What are the best streets for cycling in Toronto?
The best streets for cycling in Toronto help one to recapture that pure, unrestricted joy that made you climb onto the saddle in the first place. These are places where cycling becomes more than just commuting or getting from A to B. Rather than put together a utilitarian list focused solely on safety and cycling infrastructure — there's an app for that — the criteria we had in mind when selecting these candidates was a bit more subjective.
Is the street pretty? Can you go fast? Are there interesting things to look at? Think of it as destination cycling, where the road is the main attraction of the ride. Here are 10 great streets to ride on in Toronto. Add your suggestions in the comments section below.
Russell Hill Road / Poplar Plains
This pair of roads offers the best of both worlds. Coming down the former, you best take the whole lane because unless you ride the brakes, you'll be up around the posted speed limit as you barrel down the windy section south of Clarendon Avenue. Those willing to roll the stop sign near the bottom face the prospect of near-perfect corkscrew turn at Boulton Drive (there is, alas, a speed bump to contend with). You certainly won't go as fast on the way up Poplar Plains, but it's great little tree-lined climb for enthusiasts (and those looking to avoid the traffic on Bathurst.
Leslie Street Spit
Once you leave the traffic behind and enter the off-road section, Leslie Street reveals itself to be truly spectacular. South of Commissioners, the street becomes quieter and narrower as it turns into the bike path for Tommy Thompson Park. Ride it to the end and let the awesome size of Lake Ontario blow you away (sometimes literally).

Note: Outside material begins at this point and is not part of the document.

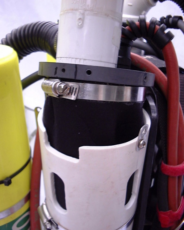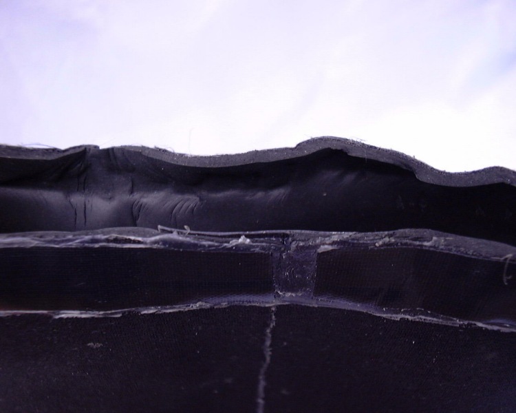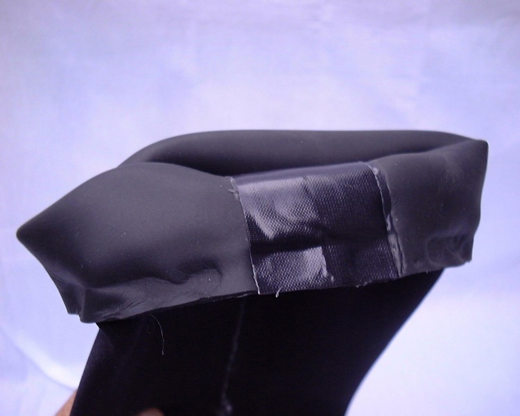 Detail of the top edge of the counter lung. The inside is straight neoprene to help sealing and there is nylon on the outside for protection.

Bring a pair of binoculars if you're into bird or skyline spotting.
Lake Shore Avenue
Pick a time when the Toronto Islands' main street isn't packed with wobbly tourists on tandems and this beautiful bike-friendly cruise past Gibraltar Point Lighthouse and Centreville is hard to beat in terms of natural beauty and car-free delight. This is definitely a bike ride to slow down and savour on a quiet afternoon away from work.
Rosedale Valley Road
Although the pathway on the west side of the road isn't in the greatest condition, it's still hard to imagine a better stretch of pavement to ride a bike on in Toronto than Rosedale Valley Road between the Bayview Extension and Park Road. As is the case with most streets in Toronto, it's more fun when heading south(east) on account of its slight decline, but the gorgeous ravine scenery stays consistent regardless of the direction you're heading.
St. George and Beverley (lumped together for this post) between Queen and Bloor are everything city biking streets should be: relatively quiet, smooth, and, of course, bike-friendly. The University of Toronto campus section has a refreshing scholarly air while south of College, Beverley is a handy north-south connection between Queen West, Baldwin Village and Chinatown. The green space of Grange Park is a definite highlight.
Colborne Lodge Drive
Call it cheating, but all the roads that cut through High Park are a cyclists dream: pleasant scenery, slow-moving traffic that's easy to avoid, and just enough undulation to keep things interesting. If you like to go fast, the section south of Centre Road can be exhilarating. Just make sure to watch out for the speed bumps and wayward squirrels.
Glen Manor Drive
The winding, tree-shaded street between Kingston Road and Queen East is a welcome break from the ubiquitous ruler straight routes that dominate Toronto's grid. Although it's far from challenging, taking some of the downhill curves at speed is a pure delight when there's no-one else on the road. Mist tends to linger in the ravine after a rainfall giving the ride an distinctly eerie feel.
Old Finch Avenue
You don't have to go too far to feel like you're riding in the countryside. Most of the roads around the Toronto Zoo accomplish this, but none are as interesting as Old Finch. It's a bit hilly, of course, but the winding nature of the road is what makes it interesting. Traffic levels are typically low, though one needs to be careful when approaching the one-lane bridges.
The street's name says it all really. The view of the city skyline heading south from the Danforth past Riverdale Park is one of this flat city's best vantage points and great recreational spaces. Sure, you have to contend with a streetcar or two as you cruise toward Gerrard but there's always time for a pit-stop at Rooster Coffee House. Like all hills, the ride back up will make you sweat.
Although you might once in a while have to contend with a dump truck or two at the western end, Unwin Avenue in the Port Lands is otherwise a quiet street that's been attracting road cyclists for years. Even though the Martin Goodman trail runs immediately to the south, the post-apocalyptic looking Hearn Generating Station is worth skipping the path for. A resurfacing job on the eastern section of the street has greatly improved the enjoyment factor for cyclists who ride informal crits around the Port Lands.
Mount Pleasant Cemetery
This is one of the most tranquil places to ride in the whole city. Just keep the speed down and your thoughts contemplative. Access points from Yonge, Mt. Pleasant, Moore and Bayview.